I agree, but particularly in that case I think posts and pages are two custom ways to organize content units. I'm thinking it would be much more logical to start with a “page” tree (display structure) like in typo3 and then decide which content units to assign to which display unit (“blog/page”). I mean, in a way, that's what WP does already with the feature to have a non-blog homepage. Why have two essentially identical management pages for these two post types? Why not have one with a filter for post type to edit the contents quickly and one to determine the page structure? I think that the real problem is the special treatment of the pages content type…
That's what I argued about categories and tags and everyone seemed to disagree and claimed they were very different things entirely.
The thing is, if you just use WordPress casually perhaps it doesn't matter one jot what the difference between a post and a page is, but if you want to start seriously organising information the definitions between different content types really matter, and bending them in a core feature really starts to muddy the waters.
The point I was making about tagging something 'featured' was that I would do that if all I wanted to do was give something more prominence through styling, not if I wanted it to stay outside the chronology.
I think there is no clear cut correct approach for this kind of thing. The problem starts with the definition of post and page in WP. In the end a post and a page are just two content containers. One is displayed in a hierarchical fashion and the other is displayed in chronological, categorical, tagged or individual views. Personally, I think this dichotomy will have to be abandoned as WP is moving towards a more comprehensive CMS solution.
In the end, how is a post attribute of “sticky” different from a tag “sticky” with a custom query ahead of the standard query?
What's the difference? A post is a page and page is a post. The only real difference is that a page doesn't move down the screen with the passage of time and a page can be stuck more easily into the sidebar and can be hierarchical. Wouldn't just be easier to have only one document and then declare how that document works (sidebar, time stamped to move, etc.)?
When I say static I don't mean it in the sense of plain HTML versus PHP I mean it in the sense of non-chronological. In WordPress, pages are identical to posts in that they are the same type of object so there is nothing you can do with one that you can't do with the other, except that posts are dated.

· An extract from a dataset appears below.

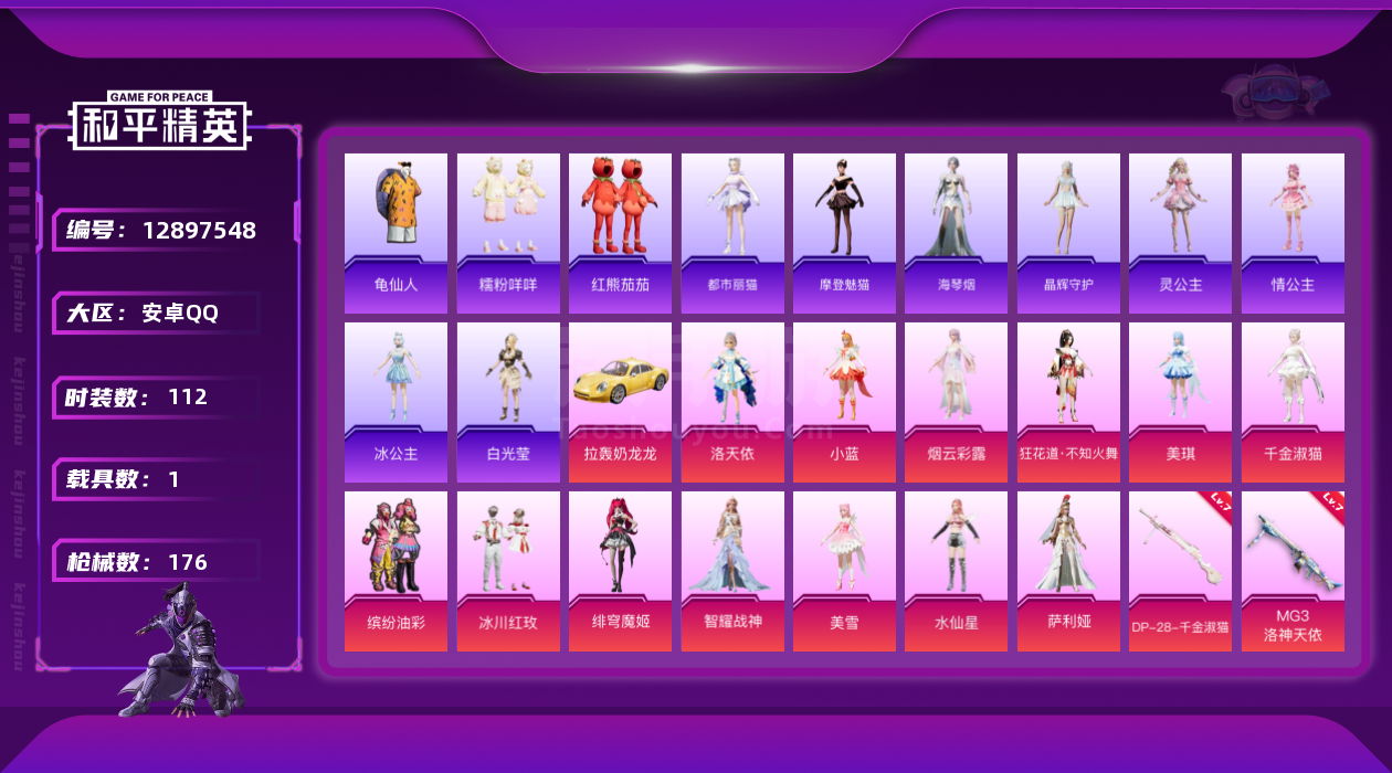 和平精英【安卓QQ】安卓Q-2载具14粉装7特效枪3热门112套装176枪皮 9印记 历史超级王牌17星

The fact that you might want to pull information from another part of WordPress, i.e. the comments for a particular post doesn't change the non-chronological nature of the presentation.
I will take your word on TC. I don't subscribe to it so I had only the timing of the first comment to compare.
Is it static? A featured post that you move outside of the normal loop will still have to display the nr of comments it has, etc.. which is dynamic.
And the current post on tc is definitely a little older than the post below, you can see this if you compare the order with your RSS reader.
You also see at TC that the featured post is wider than the posts below, for instance.
Hmm Techcrunch is showing me all the posts in order, excerpts of them at least. Perhaps the current post is the exception.
If all you want to do is make it more prominent then that is not a sticky post as such, you are just using the sticky mechanism to style it differently. Personally I would just tag it 'featured' so that a list of featured posts was automatically generated via the tagging mechanism but either way it is still in the chronology and still a post.
If, on the other hand, you decide to remove it from the chronology by sticking it to the top of the post list you are making the decision to display content statically (that is non-chronologically). The fact that it duplicates the excerpt of a post doesn't change the philosophical point that they are two different types of data.
You are wrong in that sticky posts could only be used for static content.
What if I want to “feature” a post and give it more attention? (Diff bg color, etc) this could be achieved with a sticky post.
In fact, this is wha techcrunch.com also does. The first post is a featured post and is not necessarily the newest.